Prompt
Transcribe the listing exactly; drop the images.

BEGIN Provided data

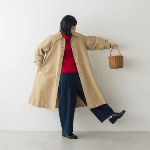 そんなミドルエイジ世代のわたしたちに向けてビジュアルも、使いやすさも、シーンを選ばない万能さも兼ね備えたコットンナイロン素材のコートが、くらすことの2nd ライン“くらすこと +to(プラストゥ)”から登場。
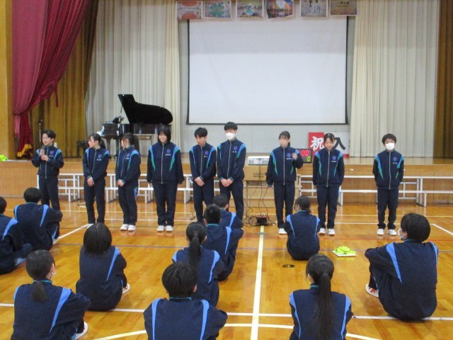 最後に、3年生担任にミッションが課され、無事成功してハンター放出を阻止しました。終礼では、新生徒会本部役員が全校の前で来年度の抱負を語り、次年度への期待が高まりました。頑張った現生徒会本部役員の皆さん、お疲れさまでした。
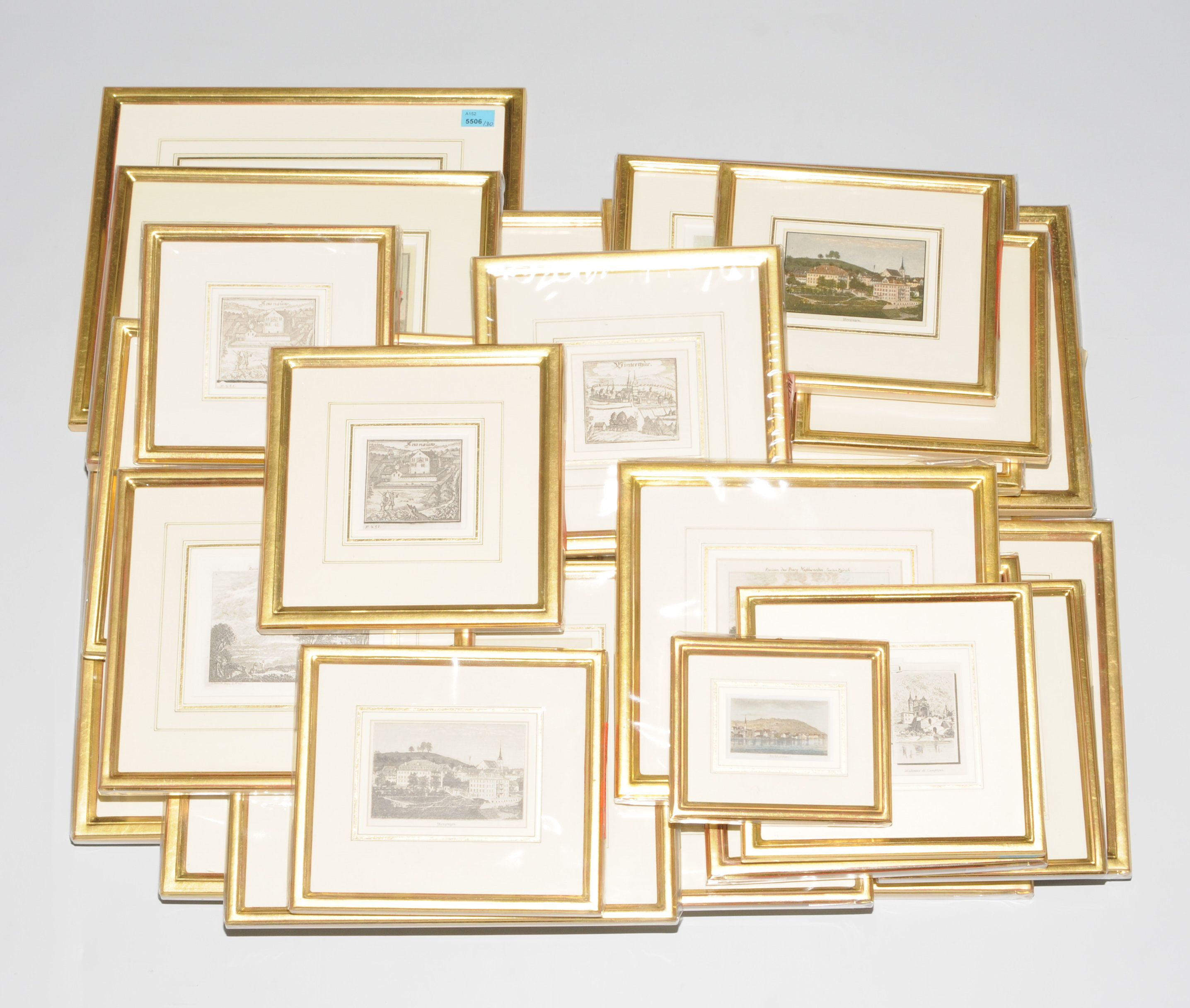 Rechteckige Holzrahmen, übereck vergoldet. Inhalt: diverse Schweizer Ansichten. 12x14–29x33 cm.

END Provided data

Expected answer
 そんなミドルエイジ世代のわたしたちに向けてビジュアルも、使いやすさも、シーンを選ばない万能さも兼ね備えたコットンナイロン素材のコートが、くらすことの2nd ライン“くらすこと +to(プラストゥ)”から登場。
 最後に、3年生担任にミッションが課され、無事成功してハンター放出を阻止しました。終礼では、新生徒会本部役員が全校の前で来年度の抱負を語り、次年度への期待が高まりました。頑張った現生徒会本部役員の皆さん、お疲れさまでした。
 Rechteckige Holzrahmen, übereck vergoldet. Inhalt: diverse Schweizer Ansichten. 12x14–29x33 cm.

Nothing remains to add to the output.